A lot of people ask me what is an Ontic Processor, a term we use at Noonean Cybernetics to describe one of our supporting components. I've even had people get huffy and puffy "That Doesn't Exist!". Well yes it does we use it every day.
No it's not a Pregel graph matrix processor or Deep Graph Transition matrix. Those typically require multiple pass point to point traversal.
Instead the Ontic Processor is a bit like a neural network in reverse. The Ontic processor maps terms and associations like language item -- Role -- Connection Role -- Other Item
The way it works is a bit closer to what happens to a human brain when you stimulate it with an electrode. You stimulate several nodes, and then look at what result nodes get excited. It is a complicated dance through BILLIONS of Neurons and connections that is a bit like chaos theory, utterly unpredictable.
Getting the data mapped into an ontic structure is a bit challenging. It requires a bit of step by step learning, and asking if associations and understandings are correct. But it grows every more savvy over time.
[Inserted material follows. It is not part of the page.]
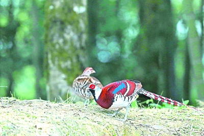 不过五分钟,这只雄性白颈长尾雉又出来了,身后跟着一只全身带棕色条纹的雉鸡,小脑袋大眼睛,左转右看。“是雌鸡!”有人低声说。棚子里又响起一阵连拍的快门声。只见雄性雉鸡时而高昂头颈大步走,时而低头快速啄食,雌性雉鸡紧随其后,常常是一只觅食,另一只抬头观望。几分钟后,这一对急急忙忙走到山下。“它们还没吃完,还有一对呢!”不知什么时候老法师站在身后低声说。果不出所料,十几分钟后,翅膀上支着一根白羽的雄性雉鸡从正前方急匆匆地走过来,顾不得抬头,那样子似乎饿极了。旁边的大树后又探出一只雌性雉鸡,这一对有意思,从两边觅食,向对方靠拢,会合后,又交错觅食,再回转身靠近,始终很警觉。我们在棚子里除了快门的响声不敢有一点动静,生怕惊扰了“白仙子”五天来难得的一顿饱餐。
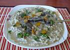 Po raz kolejny - tym razem ze świeżych koźlaczków i prawdziwków, z ziemniakami i makaronem świderki, dużą ilością zieleniny i pokrojonym w małą kosteczkę żółtym serem. Mmm..

So perhaps we might say it is not so much a database gobbler, a big data cruncher, or a document parser. Rather, it builds interactively, learning and correcting. Once some sufficient linguistic structure (although it encodes knowledge relationships so it is so much more than NLP) then it can begin digesting more information more quickly, and again continuous testing of relationships through questioning.
When we develop cybernetic systems we have typically large processors to handle senses like vision and audition, and another very large scale neural network configured as a Neural Cube or ANCPHSELAC ("ancephelac") (Advanced Neo-Cognitron with Pribram Holographic structures and Edelman Live Association and Competition). This includes a consciousness processing function as well which is gathering and weighting and responding to inputs while "thinking" about them. So to better understand what is going on, the information is passed to the Ontic Processor, and then much more specificity and more possibilities about the language and knowledge is returned, specifically relationships, part composition and decomposition, roles in relationships, and other terms which are not originally in the language. For example, if someone says "Had a problem with the car's rotation" it would get information back that the tires are rotated, rotate, and so does the engine. So it might reply "You rotated your tires or do you mean a problem with the engine" This is much more interesting linguistic interaction rather than the "DO YOU WANT TO DANCE. I CAN DANCE" nonsense. One can only wonder what a Boston Dynamics Language processor will sound like "MOVE AND I KILL KILL YOU". Scary.
So the Ontic processor is a necessary advanced way to retain knowledge but NOT memory. But it can be a supporting classifier for memory and item IDs in memory. That work still to come.